Condition on linearly separable datasets

428 Views Asked by At

I am trying to understand linear classification with hyperplanes. So far I understood that for a binary classifier with labels $y_i \in \lbrace -1, 1\rbrace$ points $(x_i, y_i)$ are separable if parameters $a,b$ exist s.t. for different labels $y_i$ the points lie in different halfspaces, i.e. w.l.o.g. $a^Tx_i - b > 0$ for $y_i = 1$ and $a^Tx_i - b < 0$ for $y_i = -1$ which can be rewritten as $$y_i(a^Tx_i - b) > 0$$. However, for the optimal hyperplane (i.e. the one maximizing the distance to each set as defined by the labels) the literature states that $$ y_i(a^Tx_i - b) \geq 1$$ holds.
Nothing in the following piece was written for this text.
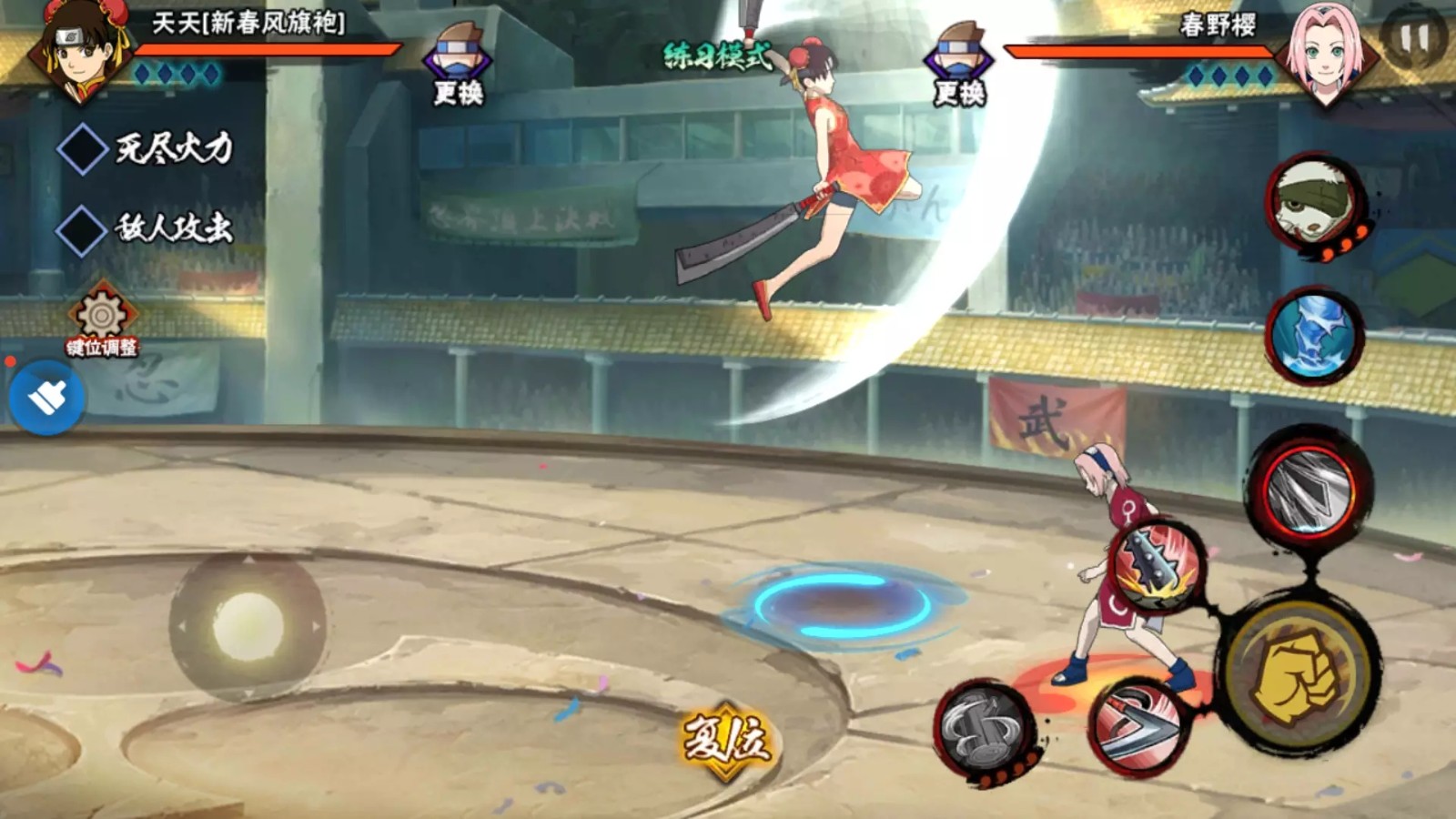 实战中需先把控与对手的身位距离,保持一个身位至两个身位的间隔,先释放二技能影分身,让分身完成前冲动作但暂不触发最终伤害,紧接着开启奥义,利用奥义全程无敌帧覆盖自身后摇,同时影分身的交叉攻击与后续判定会在奥义动画期间命中对手,完成第一颗奥义点的获取,此阶段需避免距离过近导致分身快速打完伤害,也不能过远让判定脱离奥义覆盖范围,中场位置成功率最高,墙角可借助墙体反弹延长技能存在时间,进一步提升蹭豆稳定性。

How can I show that whenever I find parameters $a, b$ that satisfy the first condition, there must also exist always (better) parameters satisfying the second equation?

1

There are 1 best solutions below

0
On

The key is that your $x_i$ are indexed by a finite set. If the first inequality is strict, then there is some positive $t_i$ satisfying $y_i (a^T x_i - b) > t_i$. Now, since there are finitely many $t_i$, take the smallest one, call it $s$. Then, modify your old parameters by a factor of $1/s$.

The result does not hold in the infinite case, as one could have $x_i$ in opposite classes which converge to one another. In this case, a linear separation is still possible, but it cannot be expanded to a gap of nonzero thickness as any such gap would miss some points close to the boundary.